RJ: Not a great deal, as far as I can tell. There was some progress made on points 1, 2 and 3 following the introduction of the software tool Nanoengineer by the company Nanorex, but this seems to have come to a halt around 2008. I don’t know of any progress on 4 and 5. The 2007 Technology Roadmap for Productive Nanosystems from Battelle and the Foresight Nanotech Institute has a good list of things that need to be done to achieve progress with a number of different approaches to making functional nanoscale systems, including MNT approaches, but it does not go into a great deal of detail about how to do them.

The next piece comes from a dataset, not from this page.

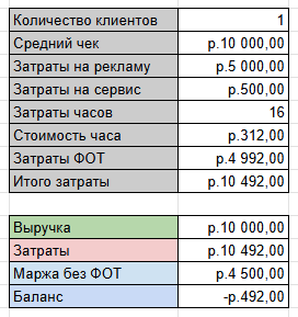 Наша Оксана продаёт аудит и оформление группы ВКонтакте. Стоит эта услуга 10 000 рублей. Если сейчас не считать дальше, то кажется, что у нее большое финансовое будущее, ведь из 10 000 рекламного бюджета она сделала 20 000 выручки. Но нашей Оксане еще надо оказать услугу, поэтому надо посчитать сколько времени она это потратит, сколько это время стоит и сколько сопутствующих расходов будет.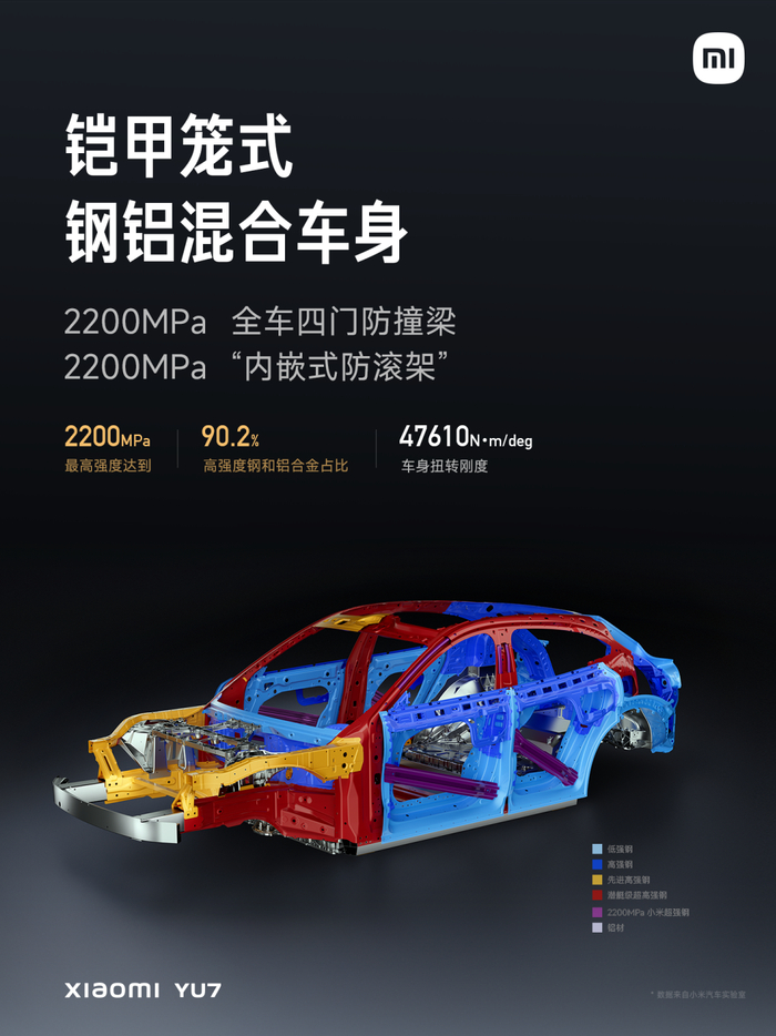 车身用的是 2200MPa 的小米超强钢,与 1500MPa 的热成型钢相比,抗拉强度高了 40% ,屈服强度高了 24% ;

In the remainder of the interview, Prof. Jones explains what he means by “soft machines” and describes his current work in the area. He also comments on advances in nanotechnology, on the rate of technology advancement in general, on investment bubbles, on prospects for near-term nanotechnology in various fields, and on things to fear from the development of nanotechnology. His biggest fear: “But rather than worrying about runaway technology, my biggest fear now is the opposite — that we won’t devote enough resources to get the innovation we need.” On this last point, I personally have to agree completely. Other excellent items for further thought:
… But history seems to suggest that having more advanced technologies makes societies less, not more, equal. Access to new technologies gives access to power, and people don’t seem very good at sharing power. …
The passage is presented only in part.